The Indian economy grew by 7.5% in the March 2015 quarter and surpassed China's growth rate. However, the economic outlook is still marred with skepticism. This is because economists are of the view that the new way of calculating the GDP growth may be partly responsible for the exuberance. Even the infrastructure development in the country remains woefully low to sustain high economic growth in the long run. Therefore, Prime Minister Narendra Modi is keeping no stone unturned to boost infrastructure development in the country. Not only has his government doubled the budgetary spends on roads and bridges but even the rail budget has been raised by 33% for FY16.
Apart from this, the government has expedited the clearance of projects that were long stuck due to bureaucratic/legal issues or lack of private participation. In order to attract private sector funds of around US$ 30 bn, the government has invested US$ 3 bn of seed capital into a new infrastructure fund. A bailout package of US$ 470 m has been provided to private developers to complete 16 highways. In order to simplify rules for the private sector, financially distressed companies now have an exit option from projects.

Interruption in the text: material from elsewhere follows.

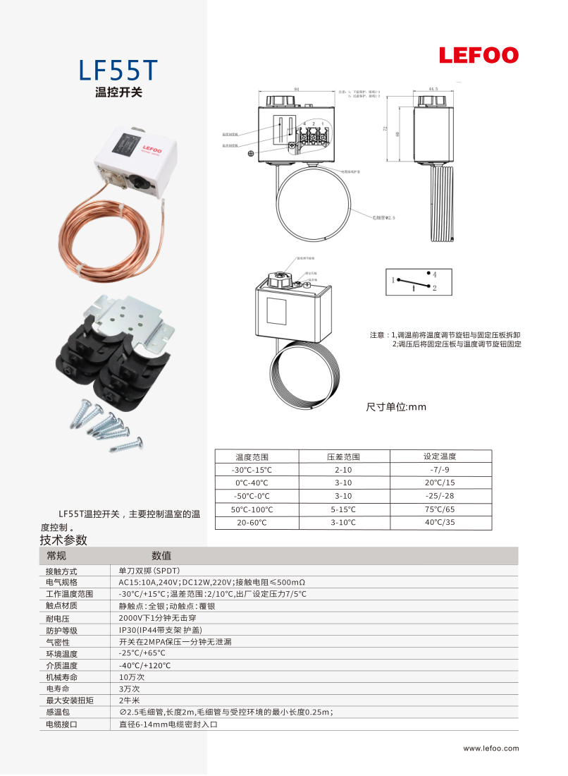 LF55T Регулируемый переключатель температуры 220 В-30 градусов, контроллер двигателя холодного хранения, контроллер переключателя антифриза

Through these measures, the government wants to accelerate road building from 12 km a day to 30 km a day as it plans to award 10,000 km of road projects in FY16.
The government's steps to boost infrastructure will go a long way in sustaining strong economic growth in future. As per India's Chief Economic Advisor (CEA) Arvind Subramanian, infrastructure development can add a percentage point to the country's economic growth in FY16. Therefore, the true litmus test for India in its race to beat China's growth rate lies in its efforts to build roads, bridges and railways that will act as backbone to propel its growth engine.